## [WHAT TO DO]
Would you restate the listing word for word, with the images omitted?

## [SOURCE DATA]
Segment Open
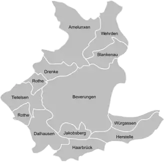 Nach § 3 Abs. 1 ihrer Hauptsatzung gliedert sich die Stadt Beverungen in folgende zwölf Bezirke/Ortschaften,[5] die vor 1970 eigenständige Gemeinden im Amt Beverungen waren:
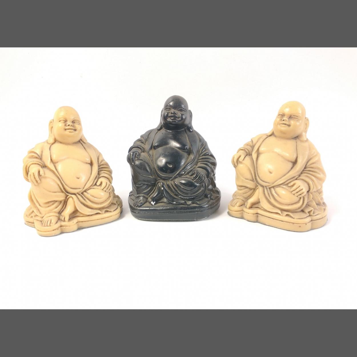A HAPPY TRIO of seated BUDDHA interesting ceramic style ornaments - dimensions each 10cm height x 8.5cm width approx
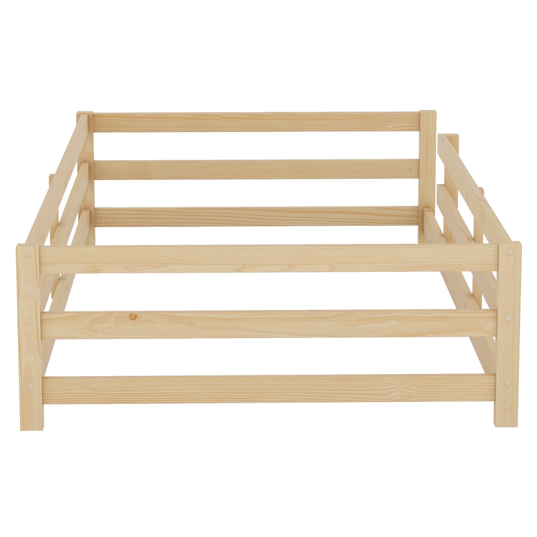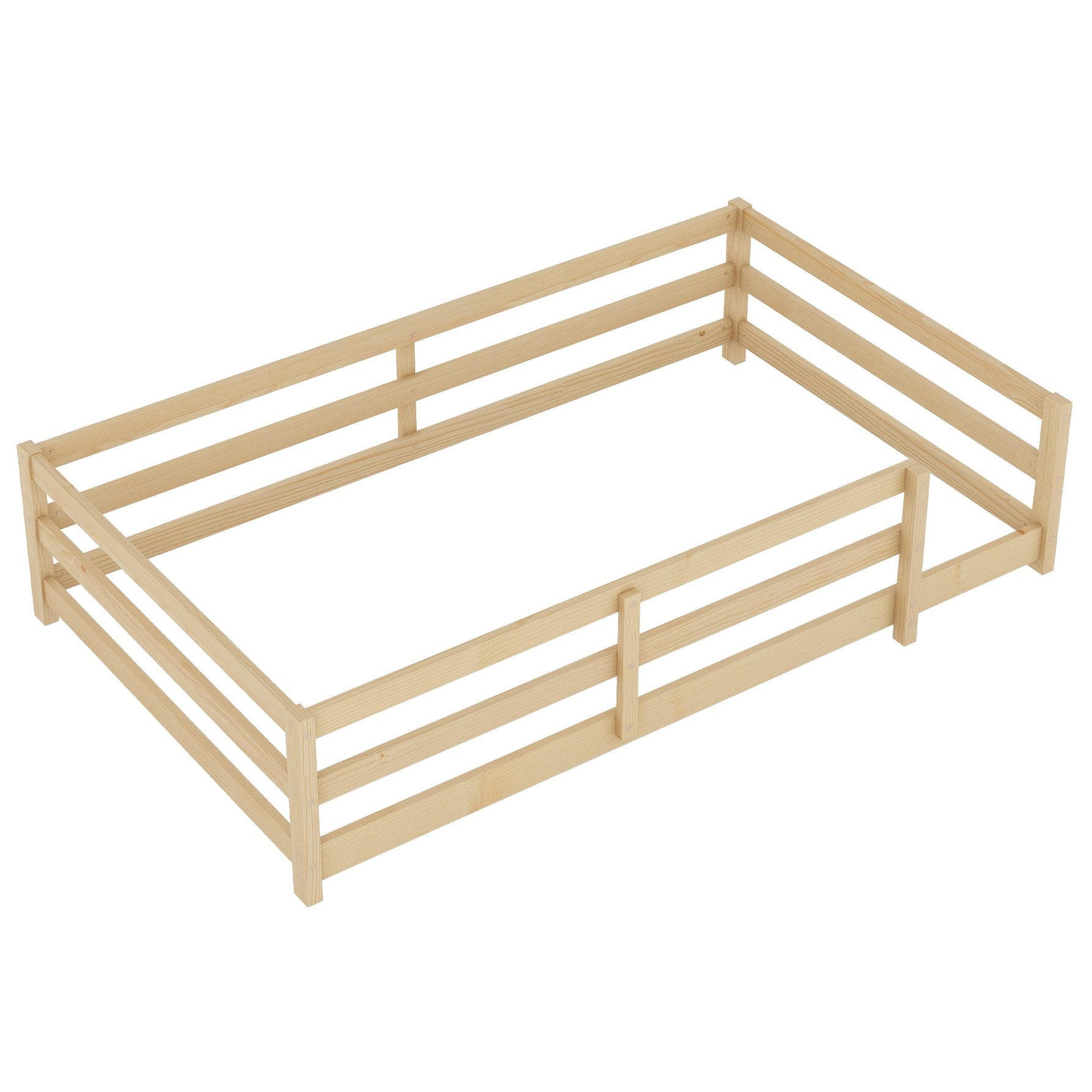 - [Floor Bed with Fence]The four guardrails of the Montessori floor bed remain intact and uncut, thus this floor bed is more stable compared to ordinary floor beds. The guardrail design is similar to a fence, which not only adds to the product's fun but also creates a safer sleeping environment for children. The height of the guardrails is 15.7 inches.
Segment Closed
## [OUTPUT OF THE EXERCISE]
 Nach § 3 Abs. 1 ihrer Hauptsatzung gliedert sich die Stadt Beverungen in folgende zwölf Bezirke/Ortschaften,[5] die vor 1970 eigenständige Gemeinden im Amt Beverungen waren:
A HAPPY TRIO of seated BUDDHA interesting ceramic style ornaments - dimensions each 10cm height x 8.5cm width approx
 - [Floor Bed with Fence]The four guardrails of the Montessori floor bed remain intact and uncut, thus this floor bed is more stable compared to ordinary floor beds. The guardrail design is similar to a fence, which not only adds to the product's fun but also creates a safer sleeping environment for children. The height of the guardrails is 15.7 inches.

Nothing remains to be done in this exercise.